▶ **REQUIRED ACTION**
Output exactly the lines from the line that has "Bình phong gồm" through the last line of the data below, with no pictures.

▶ **DATA FOR THE TASK**
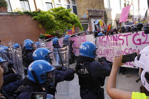 Italian Policemen in riot gears clash with demonstrators during a protest against the G20 Economy and Finance ministers and Central bank governors’ meeting in Venice, Italy, Saturday, July 10, 2021. (AP Photo/Luca Bruno)
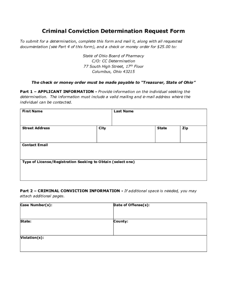 The criminal conviction determination request is a form that allows individuals to disclose any criminal convictions for the purpose of obtaining or renewing a pharmacy license in the state of Ohio.
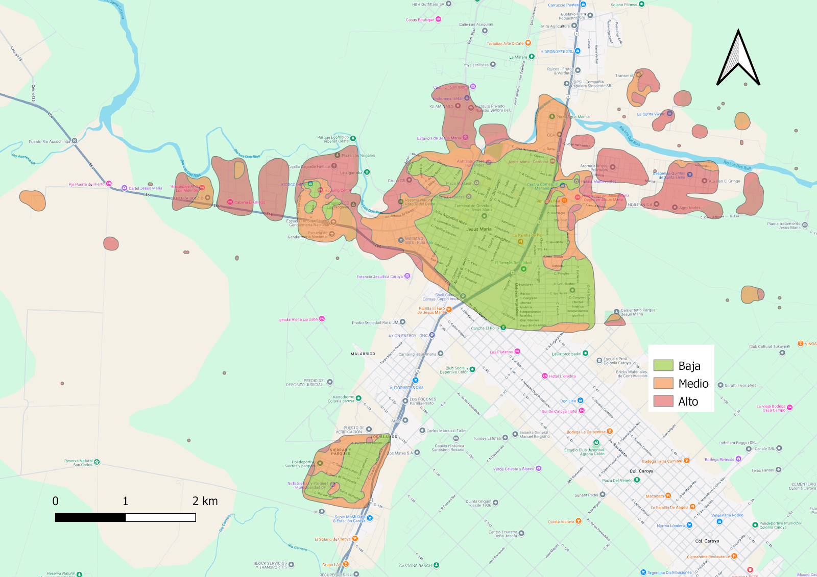 Este mapa muestra las zonas de riesgo de incendios en la ciudad de Jesús María, Córdoba. Las zonas de riesgo están clasificadas en tres niveles: Bajo, Medio y Alto, representadas por diferentes colores. Se incluye una leyenda con la clasificación de riesgo. |
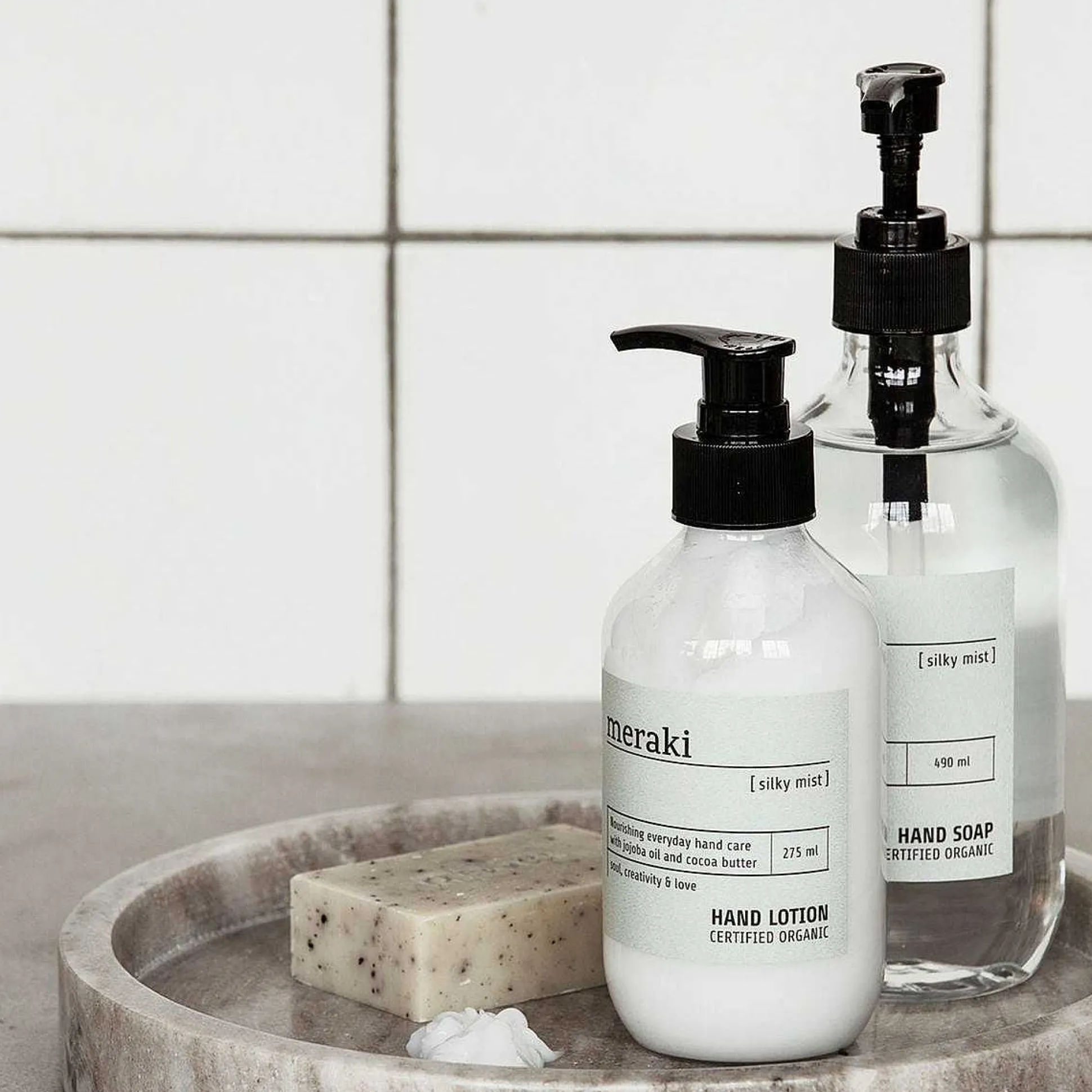 Be good to your hands with a caring hand lotion which both moisten and soften the hands. This certified organic hand lotion, Silky mist, from Meraki is perfect to apply after doing dishes or whenever the hands need extra care. Due to its beautiful wrapping and size, it is obvious to place it by the sink, next to the hand soap. Our lotion contains organic aloe vera, jojoba oil and cocoa butter and is suitable for all skin types. Note: Combine with a wall mounting for practical storage.
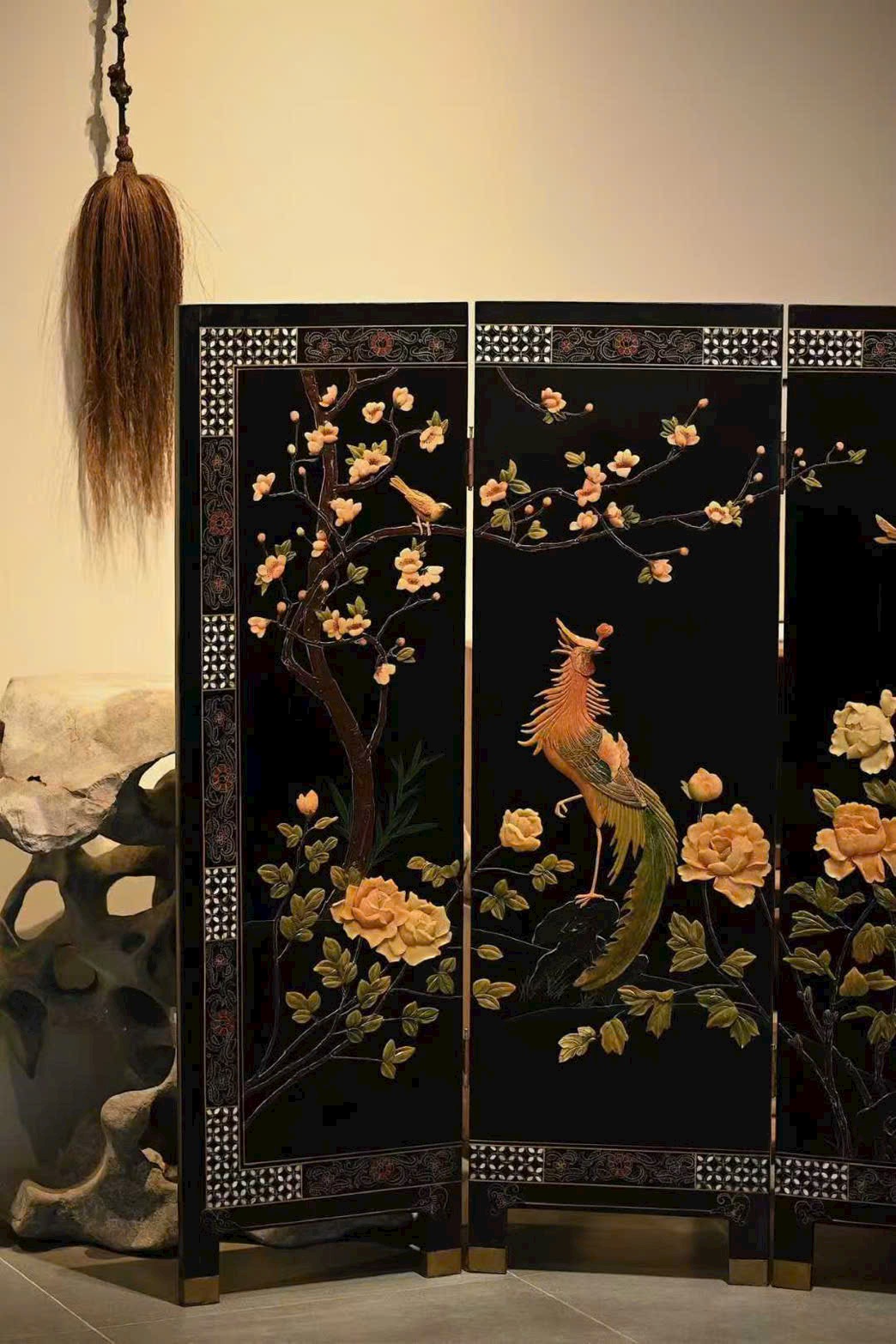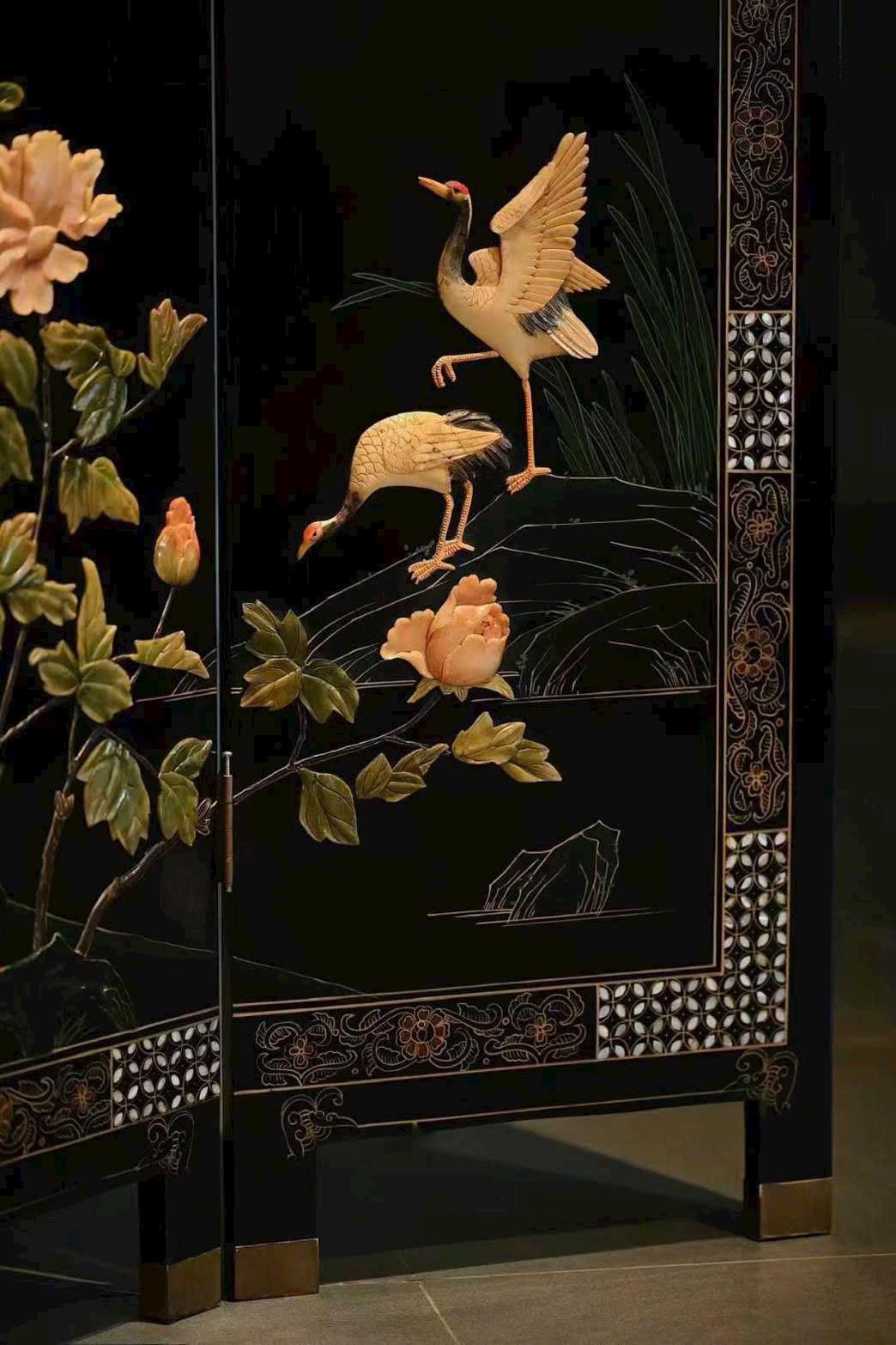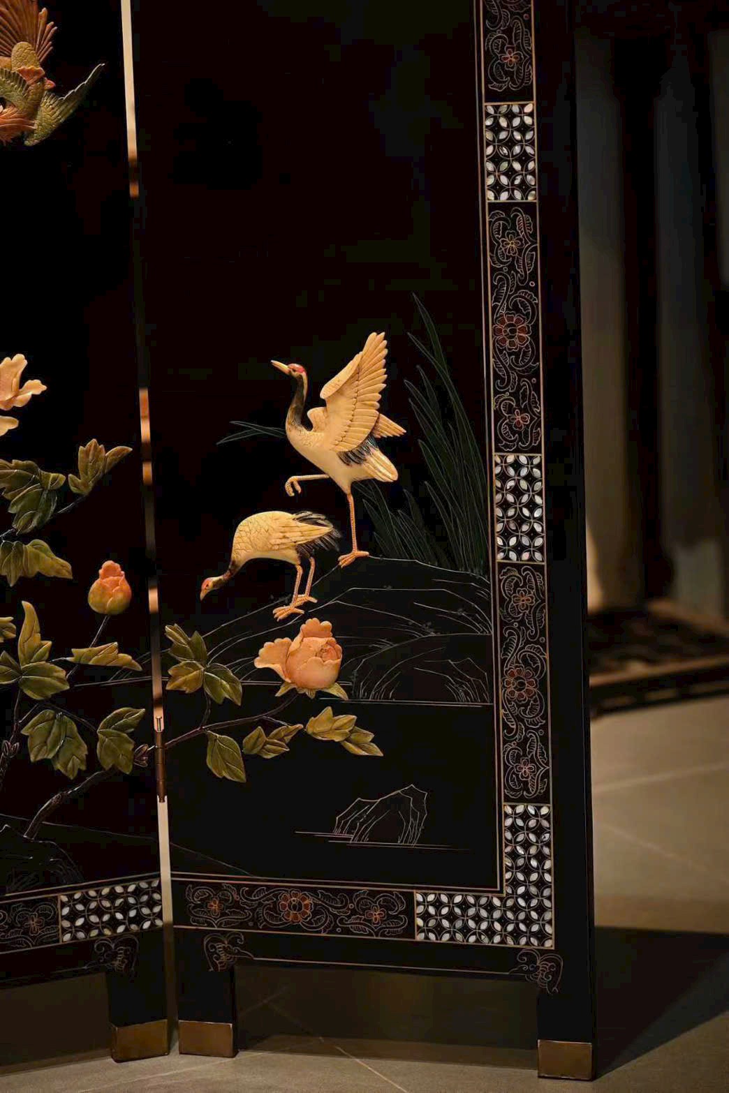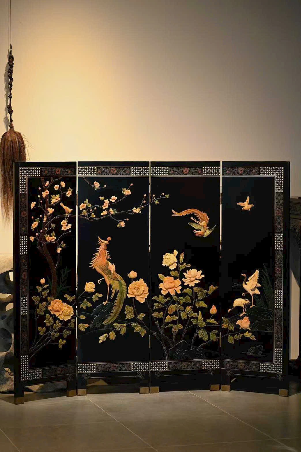 Bình phong gồm bốn cánh, dùng kỹ pháp bách bảo tạo tranh. Phượng hoàng dáng vẻ đoan trang, từng sải cánh chạm khắc tinh tế; tiên hạc phong thái nhã nhặn, uyển chuyển hài hòa; giữa tranh, mẫu đơn nở rộ, biểu trưng phú quý tràn đầy. Bày trong không gian thanh nhã, ẩn chứa ý nghĩa cát tường.
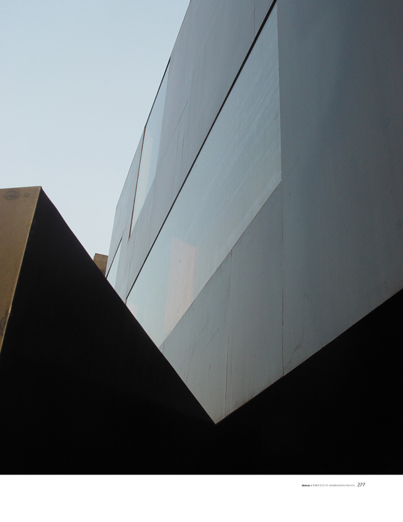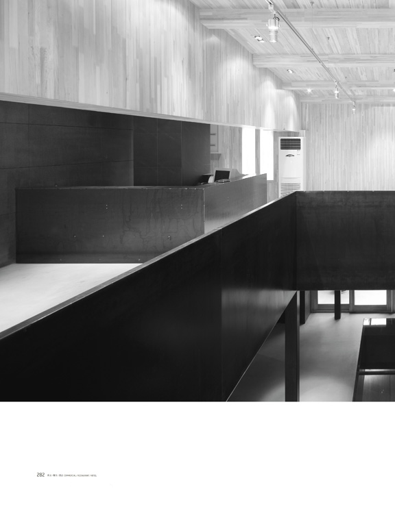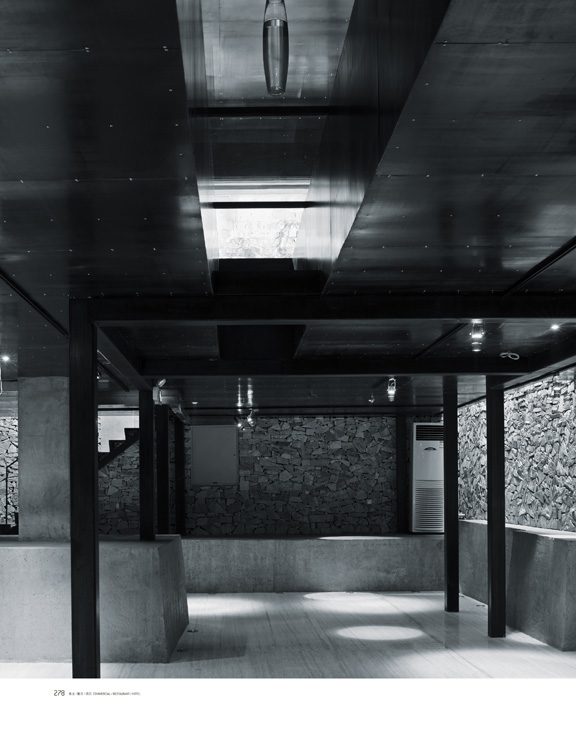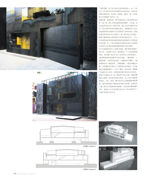 建筑从外面看上去一目了然是两个独立店面,细高的画廊的立面是一色的竖向砌筑的灰砖,连入口的门都是灰砖砌的。书店、咖啡、餐厅部分的立面是6毫米厚的钢板,我们有意保留了钢板本身的青灰色肌理。店面的大门是一面可以单面旋转的钢板墙,当这面墙向着街道打开时路过的人门才忽然意识到这间厂房已经变成了一个属于城市的公共空间。
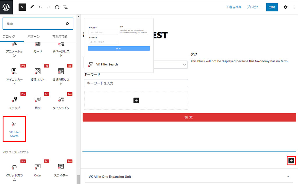 赤枠の+キーをクリックしてVK Filler Searchを選択
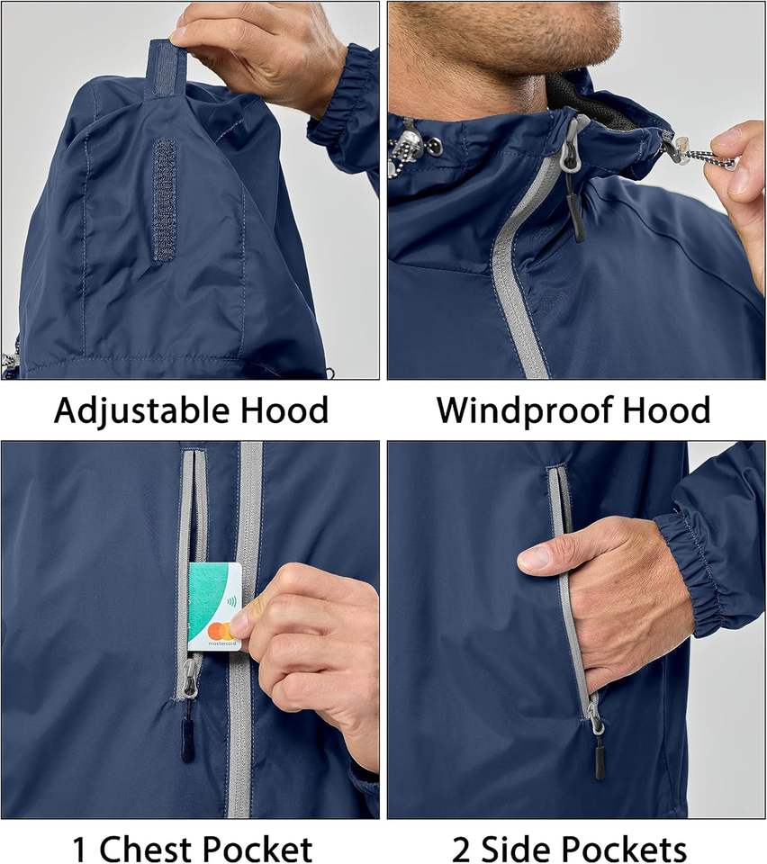 Unisex Lightweight Soft Shell Waterproof Windproof Breathable Hooded Jacket Zipper Closure Cotton for Hiking Running Golf Travel
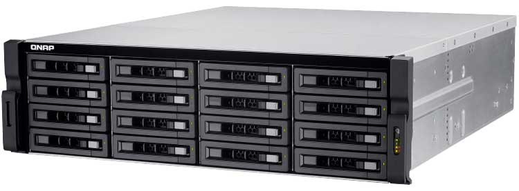 Solução de armazenamento em rede com 16 baias hot-swappable SATA, até 288TB de capacidade, processador Core i3, 4x portas LAN gigabit, 2x portas 10GbE SFP+, 4x portas USB 3.0 e fontes de alimentação redundantes. Storage NAS de baixo custo para virtualização, compartilhamento e backup de dados.
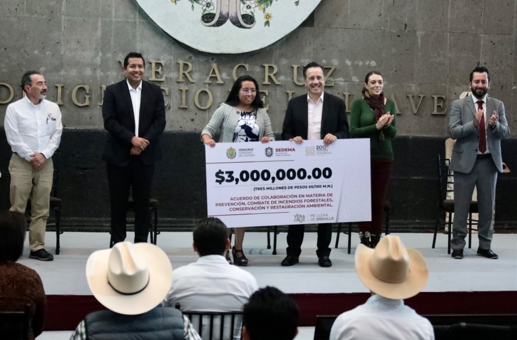 Xalapa, Ver., 08 de febrero de 2023.- En cumplimiento del compromiso adquirido con autoridades municipales en materia de manejo del fuego y reforestación, el gobernador Cuitláhuac García Jiménez entregó recursos especiales a 23 ayuntamientos que lograron resultados trascendentales y que serán de libre disposición, a fin de mejorar la atención y los servicios a la población.
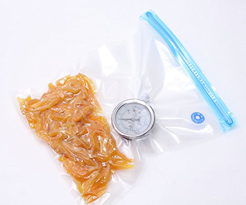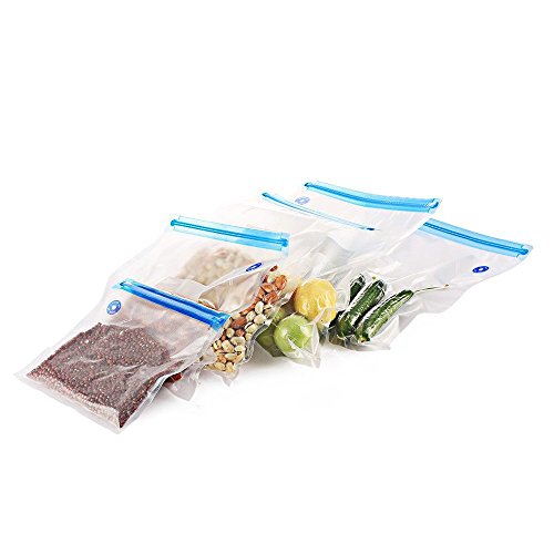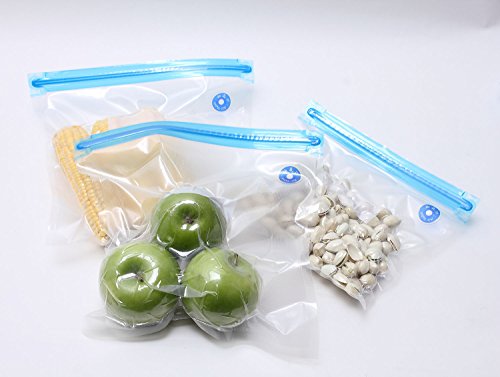- EXCELLENT SEAL PERFORMANCE - Reinforced double zipper ensures an airtight seal, strong, multi-ply material keeps all the food being fresh up to 5 times longer. And we offer a free clip for each handy food vacuum sealer to help you seal the bag easily.

▶ **ANSWER SPACE**
 Bình phong gồm bốn cánh, dùng kỹ pháp bách bảo tạo tranh. Phượng hoàng dáng vẻ đoan trang, từng sải cánh chạm khắc tinh tế; tiên hạc phong thái nhã nhặn, uyển chuyển hài hòa; giữa tranh, mẫu đơn nở rộ, biểu trưng phú quý tràn đầy. Bày trong không gian thanh nhã, ẩn chứa ý nghĩa cát tường.
 建筑从外面看上去一目了然是两个独立店面,细高的画廊的立面是一色的竖向砌筑的灰砖,连入口的门都是灰砖砌的。书店、咖啡、餐厅部分的立面是6毫米厚的钢板,我们有意保留了钢板本身的青灰色肌理。店面的大门是一面可以单面旋转的钢板墙,当这面墙向着街道打开时路过的人门才忽然意识到这间厂房已经变成了一个属于城市的公共空间。
 赤枠の+キーをクリックしてVK Filler Searchを選択
 Unisex Lightweight Soft Shell Waterproof Windproof Breathable Hooded Jacket Zipper Closure Cotton for Hiking Running Golf Travel
 Solução de armazenamento em rede com 16 baias hot-swappable SATA, até 288TB de capacidade, processador Core i3, 4x portas LAN gigabit, 2x portas 10GbE SFP+, 4x portas USB 3.0 e fontes de alimentação redundantes. Storage NAS de baixo custo para virtualização, compartilhamento e backup de dados.
 Xalapa, Ver., 08 de febrero de 2023.- En cumplimiento del compromiso adquirido con autoridades municipales en materia de manejo del fuego y reforestación, el gobernador Cuitláhuac García Jiménez entregó recursos especiales a 23 ayuntamientos que lograron resultados trascendentales y que serán de libre disposición, a fin de mejorar la atención y los servicios a la población.
- EXCELLENT SEAL PERFORMANCE - Reinforced double zipper ensures an airtight seal, strong, multi-ply material keeps all the food being fresh up to 5 times longer. And we offer a free clip for each handy food vacuum sealer to help you seal the bag easily.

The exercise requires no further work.